YOUR OBJECTIVE: Copy all lines below exactly as written. Leave pictures out.

DATA PROVIDED:
== Segment start ==
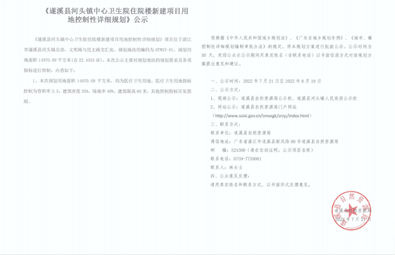 关于《遂溪县河头镇中心卫生院住院楼新建项目用地控制性详细规划》的公示
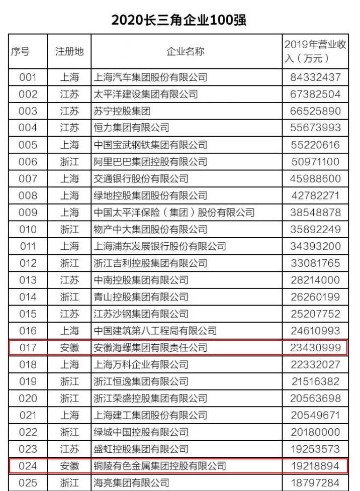 該榜單以2019年企業營業收入為入圍標準,由長三角三省一市企業聯合會共同發布。今年是第二次發布長三角企業百強排行榜,入圍門檻是563.8億元,比上年提高了54.5億元。今年我省共有9家企業上榜,除淮北礦業集團外,其他8家企業為海螺集團、銅陵有色、中鐵四局、聯寶(合肥)電子、全威(銅陵)銅業、美的集團蕪湖公司、奇瑞控股集團和合肥百大,主要分布在水泥建材、有色金屬、汽車制造、煤炭和煤化工等行業。
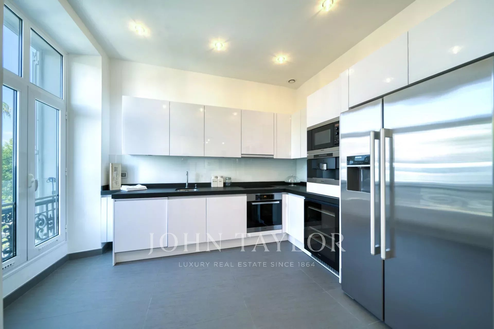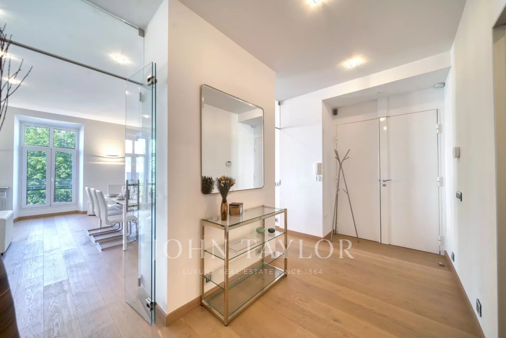 Au 2ème étage d’un immeuble bourgeois, face au Palais des Festivals et des plages de la Croisette, proche de la rue d’Antibes, du marché Forville et de la vieille ville de Cannes "Le Suquet", appartement contemporain entièrement rénové et climatisé de 141 m2 habitables comme suit :
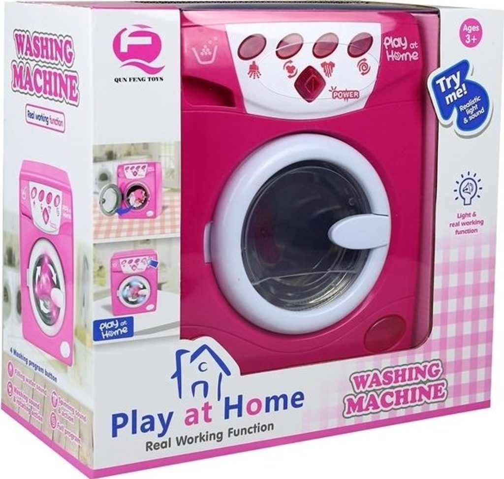 Skvělá zábavná, realistická a kvalitně zpracovaná pračka pro malou hospodyňku. Nyní se každá dívka bude moci postarat o outfity svých oblíbených panenek a medvídků. Stačí dát oblečení do pračky, zvolit vhodný program (praní, máchání, odstřeďování) a je to!
== Segment end ==
ANSWER TO THIS EXERCISE:
 关于《遂溪县河头镇中心卫生院住院楼新建项目用地控制性详细规划》的公示
 該榜單以2019年企業營業收入為入圍標準,由長三角三省一市企業聯合會共同發布。今年是第二次發布長三角企業百強排行榜,入圍門檻是563.8億元,比上年提高了54.5億元。今年我省共有9家企業上榜,除淮北礦業集團外,其他8家企業為海螺集團、銅陵有色、中鐵四局、聯寶(合肥)電子、全威(銅陵)銅業、美的集團蕪湖公司、奇瑞控股集團和合肥百大,主要分布在水泥建材、有色金屬、汽車制造、煤炭和煤化工等行業。
 Au 2ème étage d’un immeuble bourgeois, face au Palais des Festivals et des plages de la Croisette, proche de la rue d’Antibes, du marché Forville et de la vieille ville de Cannes "Le Suquet", appartement contemporain entièrement rénové et climatisé de 141 m2 habitables comme suit :
 Skvělá zábavná, realistická a kvalitně zpracovaná pračka pro malou hospodyňku. Nyní se každá dívka bude moci postarat o outfity svých oblíbených panenek a medvídků. Stačí dát oblečení do pračky, zvolit vhodný program (praní, máchání, odstřeďování) a je to!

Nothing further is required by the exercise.